Lois asks Gallo about himself and Gallo wants to tell her a "fantastic" story. Lex finds out that Gallo has a rock of alien origin inside his building just as Superman goes back to Smallville to meet with his parents. Talking to both of them in the barn; Clark tells them about what happened and thinks he can be killed. Lois calls Jimmy to come over to the Casino, as Luthor plots his invasion on Gallo's casino. As promised at "Fun Day", Superman arrives at the casino, where Gallo meets with him with Lois and Jimmy behind him and reveals who he really is. Tony Gallo is not Tony Gallo at all; but a physical embodiment of kryptonite that came to Earth the same time Superman did. Gallo wants to show Superman his origins by going inside the kryptonite room, but its effects might kill him: Superman agrees anyway. Inside, Superman falls in pain and the rock takes an anthropomorphic form, just as Luthor arrives and insists on keeping the door opened. Just as they scan Superman and kryptonite, Gallo awakens and snaps, screaming to kill them all. Superman and the kryptonite are on Krypton at a time before it exploded; he sees Jor-El and Lara and sees himself as a baby. Gallo, driven mad, kills himself after thinking Lois is his mother. Luthor prepares to kill Lois and Jimmy, but Jimmy threatens him instead. Just as Krypton explodes, Superman sees how he escaped and is in tears when he sees Jor-El and Lara die, completing his origin. Luthor leaves, but is happy that he got a piece of the rock, just as Superman awakens to a relieved Lois and Jimmy.
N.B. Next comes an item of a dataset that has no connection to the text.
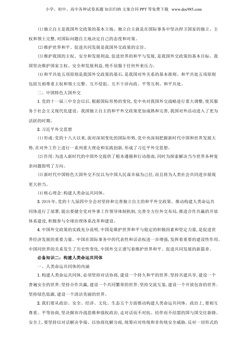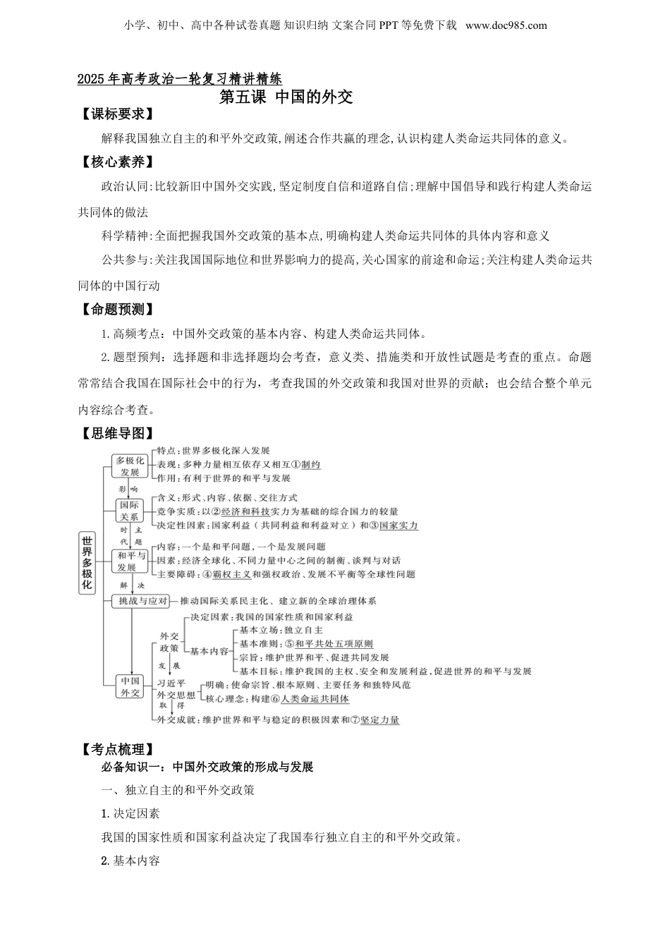 小学、初中、高中各种试卷真题知识归纳文案合同PPT等免费下载www.doc985.com2025年高考政治一轮复习精讲精练第五课中国的外交【课标要求】解释我国独立自主的和平外交政策,阐述合作共赢的理念,认识构建人类命运共同体的意义。【核心素养】政治认同:比较新旧中国外交实践,坚定制度自信和道路自信;理解中国倡导和践行构建人类命运共同体的做法科学精神:全面把握我国外交政策的基本点,明确构建人类命运共同体的具体内容和意义公共参与:关注我国国际地位和世界影响力的提高,关心国家的前途和命运;关注构建人类命运共同体的中国行动【命题预测】1.高频考点:中国外交政策的基本内容、构建人类命运共同体。2.题型预判:选择题和非选择题均会考查,意义类、措施类和开放性试题是考查的重点。命题常常结合我国在国际社会中的行为,考查我国的外交政策和我国对世界的贡献;也会结合整个单元内容综合考查。【思维导图】【考点梳理】必备知识一:中国外交政策的形成与发展一、独立自主的和平外交政策1.决定因素我国的国家性质和国家利益决定了我国奉行独立自主的和平外交政策。2.基本内容小学、初中、高中各种试卷真题知识归纳文案合同PPT等免费下载www.doc985.com(1)独立自主是我国外交政策的基本立场。独立自主就是在国际事务中坚决捍卫国家的独立、主权和领土完整,对国际问题自主地决定自己的态度和对策。(2)维护世界和平、促进共同发展是我国外交政策的宗旨。(3)维护我国的主权、安全和发展利益,促进世界的和平与发展,是我国外交政策的基本目标。我国坚决维护国家主权、安全和发展利益,绝不屈服于任何外来压力。(4)和平共处五项原则是我国外交政策的基石,是我国对外关系的基本准则。和平共处五项原则包括互相尊重主权和领土完整、互不侵犯、互不干涉内政、平等互利、和平共处。二、中国特色大国外交1.党的十一届三中全会以后,根据国际形势的变化,党中央对我国外交战略进行重大调整,使其服务于社会主义现代化建设。我国独立自主的和平外交政策更加成熟和完善,我国对外活动进入了更为活跃的时期。2.习近平外交思想(1)形成:党的十八大以来,面对深刻变化的国际形势,党中央深刻把握新时代中国和世界发展大势,在对外工作上进行一系列重大理论和实践创新,形成了习近平外交思想。(2)作用:为进入新时代的中国外交提供了根本遵循和行动指南,同时为探索解决当今世界各种复杂问题指明了方向。(3)新时代中国特色大国外交不仅以为中国人民谋幸福为己任,而且将为人类社会共同进步展现更大担当。(4)核心理念:构建人类命运共同体。3.2019年,党的十九届四中全会对坚持和完善独立自主的和平外交政策、推动构建人类命运共同体进行了部署,提出要健全党对外事工作领导体制机制,完善全方位外交布局,推进合作共赢的开放体系建设,积极参与全球治理体系改革和建设。4.中国外交政策的实践充分说明,中国是维护世界和平与稳定的积极因素和坚定力量,是促进世界经济发展的重要力量。中国在国际事务中的代表性和话语权进一步增强,发挥着重要的建设性作用。中国同世界的关系发生了历史性变化,中国外交正谱写着维护世界和平、促进共同发展的新篇章。必备知识二:构建人类命运共同体一、人类命运共同体的内涵1.构建人类命运共同体,必须坚持对话协商,建设一个持久和平的世界;坚持共建共享,建设一个普遍安全的世界;坚持合作共赢,建设一个共同繁荣的世界;坚持交流互鉴,建设一个开放包容的世界;坚持绿色低碳,建设一个清洁美丽的世界。2.我们要从政治、安全、经济、文化、生态五个方面推动构建人类命运共同体。政治上,要相互尊重、平等协商,坚决摒弃冷战思维和强权政治,走对话而不对抗、结伴而不结盟的国与国交往新路。安全上,要坚持以对话解决争端、以协商化解分歧,统筹应对传统和非传统安全威胁,反对一切形式的小学、初中、高中各种试卷真题知识归纳文案合同PPT等免费下载www.doc985.com恐怖主义。经济上,要同舟共济,促进贸易和投资自由化便利化,推动经济全球化朝着更加开放、包容、普惠、平衡、共赢的方向发展。文化上,要尊重世界文明多样性,以文明交流超越文明隔阂、文明互鉴超越文明冲突、文明共存超越文明优越。生态上,要坚持...

Doing what the kryptonite asked for, Superman sends the rock into the sun and recounts the story to his Ma and Pa. He then goes to see Lois, as Clark, and asks if she wants some company. She agrees and they spend the night together.

==Reaction==
Since its publication, readers have favored the story. The general response was that the story contained great moments between Lois and Superman, Superman with Ma and Pa Kent, and Tim Sale's artwork was great, but felt the story was mediocre, with Lex Luthor and Jimmy Olsen having no place in the story, and feeling the entity within the kryptonite was random. Supermanhomepage.com reviewed the issues of the story, and while they praised the first five, the final issue had a low score because of inconsistency with the entity that was inside the kryptonite.

==Continuity==
With Superman: Secret Origin by Geoff Johns and Gary Frank, it can be assumed that this storyline is not in continuity anymore, but that notion can neither be confirmed nor denied as of 2010. The reasons ranged from Superman encountering kryptonite for the first time in this story, whereas this turns out to have happened in Secret Origin; the Fortress' appearance; the appearances of Krypton; Jor-El and Lara; and the events of this story itself have all led to the speculation that this storyline has been removed from continuity entirely.